Christina Severin, head of Network Health:
Christina Severin: The price that the Connector accepted from us was about $359 — and outside of Boston, the price was $327.
There are no state subsidies, though, for people who earn more than 300 percent of federal poverty.
But John Kingsdale, the head of the Health Connector Board, says monthly premiums are still affordable.
John Kingsdale: For the typical uninsured person in Massachusetts who’s a 37-year-old living in Boston, the total premium would range from $184 at the lowest priced plan to about $290 for the higher-end premium.
The cheaper premiums come with deductibles and co-pays, but still undercut most work place-based health insurance.
Paul Hattis, a professor of health policy at Tufts University, tallied the cost of a high-end plan:
Paul Hattis: The plan through the Connector Board at the Gold level was actually about $500 less between what I and my employer pay. So it’s $500 of savings over what I’m getting through work on an annual basis.
So how have they done that? John Kingsdale of the Connector Board says they used several strategies to lower prices.
John Kingsdale: We’re getting a broader cross-section of everybody, not just primarily sick people enrolling. And therefore we’re able to . . . the health plans are able to price it more competitively. Secondly, we’ve got . . . we went through a bid process, and we were able through that process to get the prices down a little bit.
And finally, says Kingsdale, they’ve set the system up a bit like Travelocity, so people can log on to the Connector’s Web site and price their options one against another. For the health insurers, getting prices down is also a matter of commitment.
Deborah Enos of the insurer Neighborhood Health Plan says their strategy is to use a tight network of primary-care doctors.
Deborah Enos: We tend to work with a very defined, specialized primary-care network, and that is one way that we have found to deliver cost-effective care. But we really wanted to have plan designs that encouraged, again, people to get into that core primary care, care-management model.
Enos says investment up-front to manage chronic disease is the key to keeping people out of the emergency department and cutting costs later. It certainly worked for Cheryl Greco.
Cheryl Greco: After I met with the doctor, he gave me tremendous advice, set me up on a pill. And within a month after seeing him, I haven’t had the heart problems at all with this new medication. I can’t even believe it.
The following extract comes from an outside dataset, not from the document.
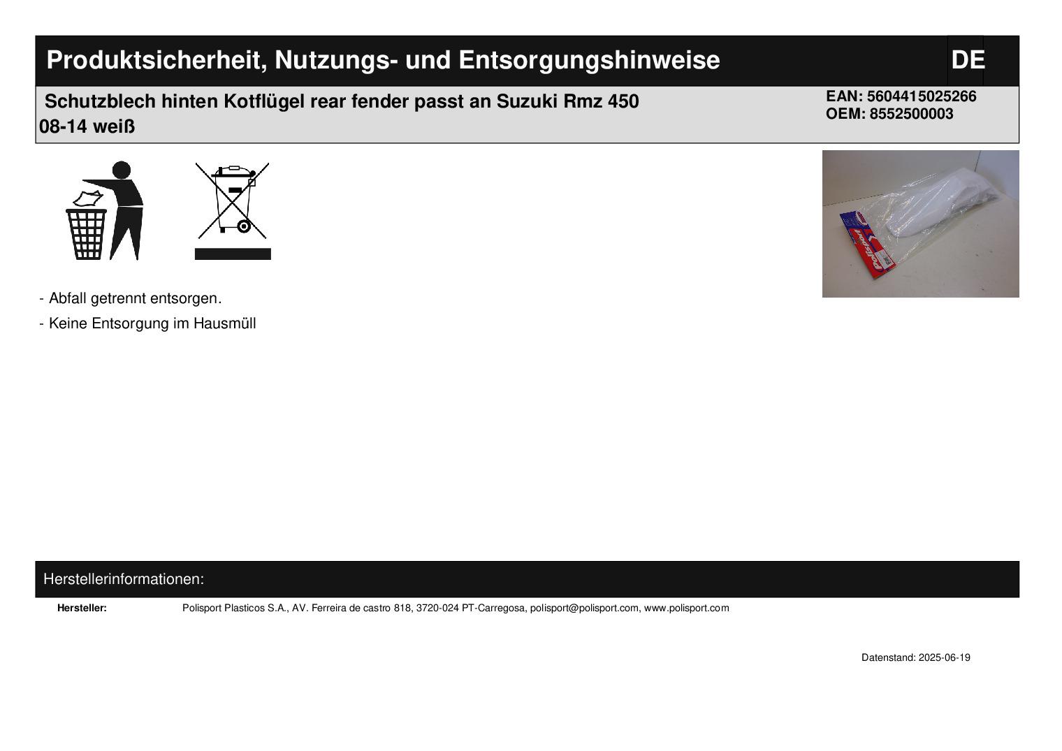 In dieser Auktion gibt es folgenden Artikel zu kaufen: Schutzblech hinten (siehe Foto) Modell: passend für Suzuki RMZ 450 Bj.: 08 - 14 Lieferumfang: siehe Foto Artikelzustand: neu

Some aspects of the Massachusetts scheme could serve as a model for other states to bring down health spending. Competition between health insurers to deliver value, for example, and to get access to a new market among the previously uninsured. And since the healthy as well as the sick must buy insurance, costs are lower for the whole pool.
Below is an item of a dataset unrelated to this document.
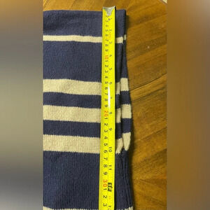 This is a listing for a preowned GAP Poncho cardigan Cotton Wool blend Boho Striped sweater ONE SIZE Navy Camel. The condition is good, no stains or holes,approximate measurements in photos. Please see all photos for details as they are part of the description.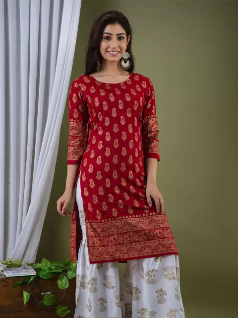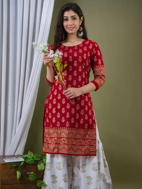 Make a lasting impression with this kurta set. Crafted in a breathable fabric, this stunning kurta and sharara set with dupatta is perfect for festive occasions. Style it with juttis and traditional jewelry to complete the look.

But health policy expert Paul Hattis says there’s a nationwide threat to the new system.
Hattis: Health care costs have continued to grow very near double-digit growth. And as that continues, it makes the entire health care costs to all of us just eminently unaffordable.
The latest figures predict U.S. health costs will rise almost 10 percent next year. As Hattis says, Massachusetts is only at first base so far. Getting to second will be a challenge.
In Boston, I’m Helen Palmer for Marketplace.